Accordingly, CB1R activation has been suggested as a target for anxiolytic drug development [15, 43, 44]. Proposed agents for enhancing CB1R activation include THC, which is a potent and direct agonist; synthetic CB1R agonists; FAAH inhibitors and other agents that increase eCB availability, as well as nonpsychoactive cannabis phytocannabinoids, including CBD. While CBD has low affinity for the CB1R, it functions as an indirect agonist, potentially via augmentation of CB1R constitutional activity, or via increasing AEA through FAAH inhibition (reviewed in [21]).
Throughout recent years, cannabis oil has been utilized as a viable treatment for anxiety and depression. Moreover, it is continually being looked into by researchers. Truth be told, the impacts of CBD on anxiety is at present thought to be a standout amongst the most captivating and well-funded sectors of current cannabis research; if development proceeds in the way that it has in the course of the past years, at that point we will unquestionably expand exceptionally compelling means by which oils for anxiety and depression can be utilized as a viable treatment.
Nervous system reset: When we experience a freeze-fight-flight response, activity in the autonomic nervous system (ANS) is altered.
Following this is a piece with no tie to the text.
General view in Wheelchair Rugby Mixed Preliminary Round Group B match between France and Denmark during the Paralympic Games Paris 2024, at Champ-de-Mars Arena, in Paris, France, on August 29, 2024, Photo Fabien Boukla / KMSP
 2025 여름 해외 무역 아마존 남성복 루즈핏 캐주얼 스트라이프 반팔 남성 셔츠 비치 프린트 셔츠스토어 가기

Anxiety and fear-inducing situations skew activation of the ANS so that the sympathetic branch is more active than the parasympathetic branch.  Administration of CBD has been shown to prevent overactivity in the sympathetic branch via 5-HT1A partial agonism.  This means that administration of CBD prior to or after a highly stressful event may prevent a full-blown nervous breakdown.

Over the past two years, 17 states have passed laws legalizing CBD so that patients can obtain the drug without fear of prosecution from local authorities. For intractable childhood epilepsies—the sorts of seizure disorders that for centuries have ruined lives and shattered families, the ones even specialists like Hernandez dread—CBD could be a miracle cure.
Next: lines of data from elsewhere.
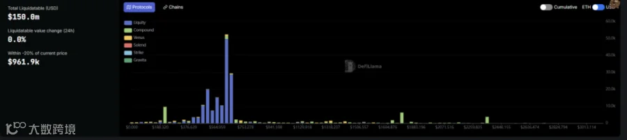 ii. 去中心化交易所方面,ETH在2353开始有大额清算,在659至376为密集清算区,627为最大清算点。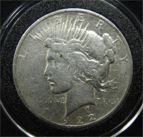 1922-D U.S. PEACE DOLLAR. Coin is in circular case.
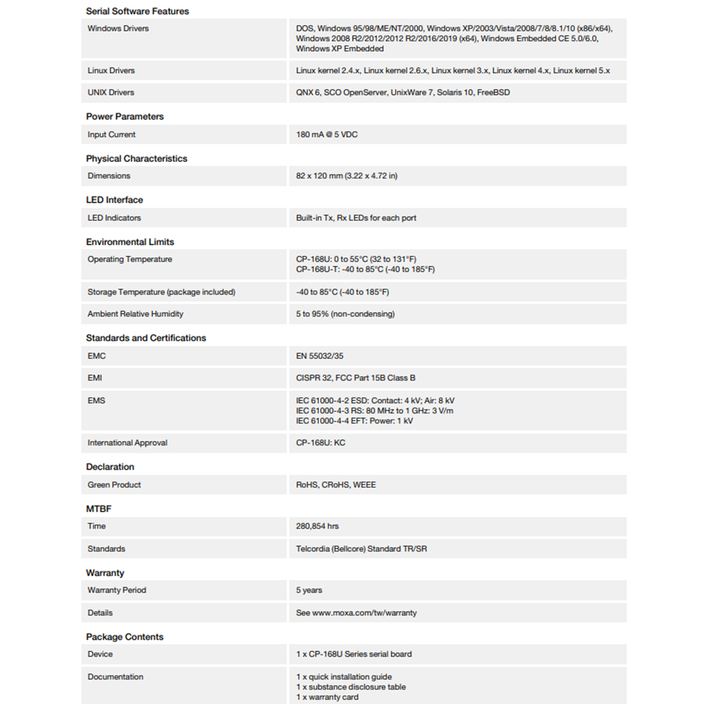 CP-168U是一款智慧型8埠 Universal PCI擴充卡,專為POS和ATM應用所設計。它是工業自動化工程師和系統整合商的頂級選擇,並且可支援許多不同的作業系統,包括Windows、Linux甚至是UNIX。此外,每個擴充卡的八個RS-232串列擴充卡可支援快速921.6 kbps傳輸率。CP-168U可提供完整數據機控制訊號以確保與廣泛串列週邊設備的相容性,同時可與3.3 V和5 V PCI匯流排搭配使用,使得擴充卡幾乎可以安裝於任何可用的PC伺服器。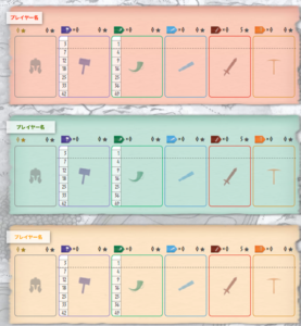 ボードには、各クラスごとに『階級章(ドワーフの左上の帯)の数』と『現在の得点』が表示されています。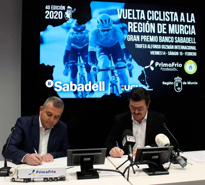 En la firma, que ha tenido lugar en la sede de Primafrio, Juan Conesa ha destacado que la Vuelta Ciclista a Murcia supone una representación clara de valores como el esfuerzo o el sacrificio, aspectos que definen también a Primafrio y que nos han permitido ser una compañía líder en su sector. Además, ha subrayado, “tener la oportunidad de colaborar con esta prueba, que es un referente a escala nacional e internacional, es motivo de gran orgullo para nosotros”.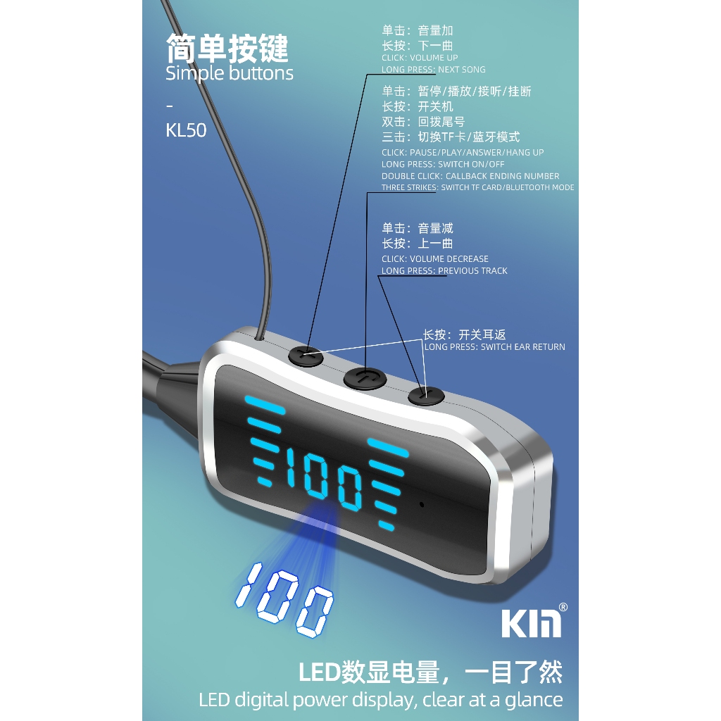 IZZY KL50 Sport Bluetooth 5.2 Earphone Wireless | Headset Neckband LED Display, Suara Jernih & Nyaman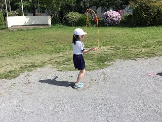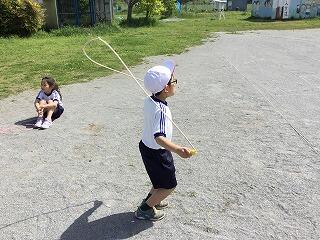 昨日は体育で縄跳び練習しました。腕の回し方、跳ぶ速さなどを意識して練習しました。

How do you take it? CBD products comes in a variety of forms, including tinctures, gel caps, and topical applications. One athlete-focused company, Floyd’s of Leadville, offers a protein recovery powder and a carb drink that contain CBD. (That’s Floyd as in Floyd Landis, the former professional cyclist who was stripped of his 2006 Tour de France title for failing a drug test and who helped to expose Lance Armstrong’s doping.) Another athlete-focused company, PurePower Botanicals, offers capsules that combine CBD with herbs and other purported medicinals, such as turmeric. PurePower says that the non-hemp-derived ingredients increase the effectiveness of the products’ CBD.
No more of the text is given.